There are only two months left until the New York City marathon, and I am freaking out! You’d think after completing five marathons, four of which have been NYC, I’d be an expert at running 26.2 miles. The truth is, every year brings a different set of challenges and doubts.
This year’s: bouncing back from a running injury, working later hours than normal, and honestly, being totally unmotivated.
That’s why I was super excited that Andrew Kastor was in town this week. As coach of the Asics Editor Team (and husband of Olympic marathoner Deena Kastor!), he’s been our go-to guy for everything marathon related. Not to mention, he always has great advice.
So, this past Tuesday night, he led me, along with the other team members, on a short run (in the rain!) through Central Park. (Olympian Julie Culley even joined in our mini training session!)
The pace was a bit quicker than I anticipated—-I looked at my watch at one point and we were clocking about 8:40s (That totally let’s me know, I have not been pushing myself hard enough, because although the pace was challenging, I didn’t have any problem keeping up.)
We did a series of drills (high knees, butt kicks, backwards running) and stretches (quad stretch, hamstring stretch, and warrior 1), all of which are meant to help increase speed, loosen up tight muscles, and keep injuries at bay. He even watched each of us run for about 100 yards and then analyzed our form.
I learned that I tend to look down when I run. (You’d think after six years, I would have broken that nasty little habit. Alas, it still plagues me.)
After our workout, we chatted about the race, how training was going, nutrition, running form (to be efficient, run tall and run relaxed, Kastor says), and how we should be treating ourselves to massages regularly to help our bodies recover. (Now that is what I am talking about!) A few other key pointers from Kastor:
Before we started our running drills, he had us swing our arms around to help shake out our shoulders. Apparently tight shoulders can lead to tight hips, and tight hips can lead to, yep you guessed it, injuries. “A simple rotation in the arm can cause a rotation in, say, the ankle,” explains Kastor. The result: biomechanical inefficiencies.
Sometimes I’ll run before work and then sit at my desk for hours. When I finally get up, my hammies feel super tight, and that’s because “sitting shortens your hip flexors, which in turn tightens your hamstrings,” says Kastor.
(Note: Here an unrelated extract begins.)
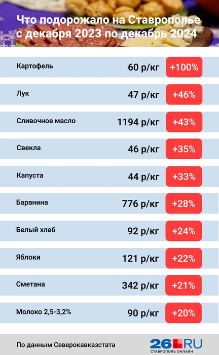 Мы продолжаем подводить итоги 2024 года на Ставрополье. На этот раз обратимся к ценам на продукты. Редакция 26.RU подсчитала, какие товары подорожали больше всего с декабря 2023 по декабрь 2024 года. Данные взяли у Северокавказстата.
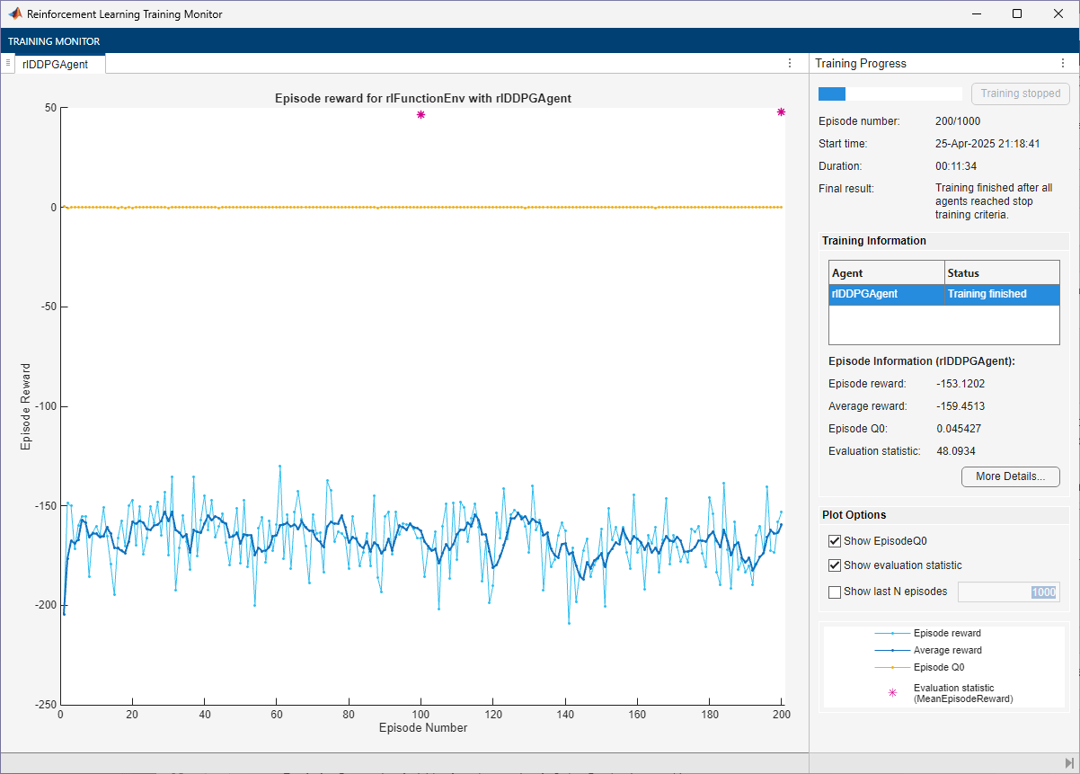 doTraining =false; if doTraining % Train the agent. Save the final agent and training results. pgTrainingRes = train(ddpgAgent,env,trainOpts,Evaluator=evl); % Uncomment to save the trained agent and results. % save("rgsnDDPGAgent.mat","ddpgAgent","pgTrainingRes") else % Load the pretrained agent and results for the example. load("rgsnDDPGAgent.mat","ddpgAgent","pgTrainingRes") end

His recommendation: Every hour, get up and walk around for about five minutes to stretch things out. (Feeling any other twinges? Find out how to injury-proof your run.)
Whenever I have a bad run it automatically turns into ‘I don’t think I can finish the marathon.’ Kastor says I need to start training my mind in addition to my body. “You have to give yourself positive affirmations,” says Kastor. “You have to see yourself at the finish line. If not, you are doing yourself and the rest of your training a big disservice.”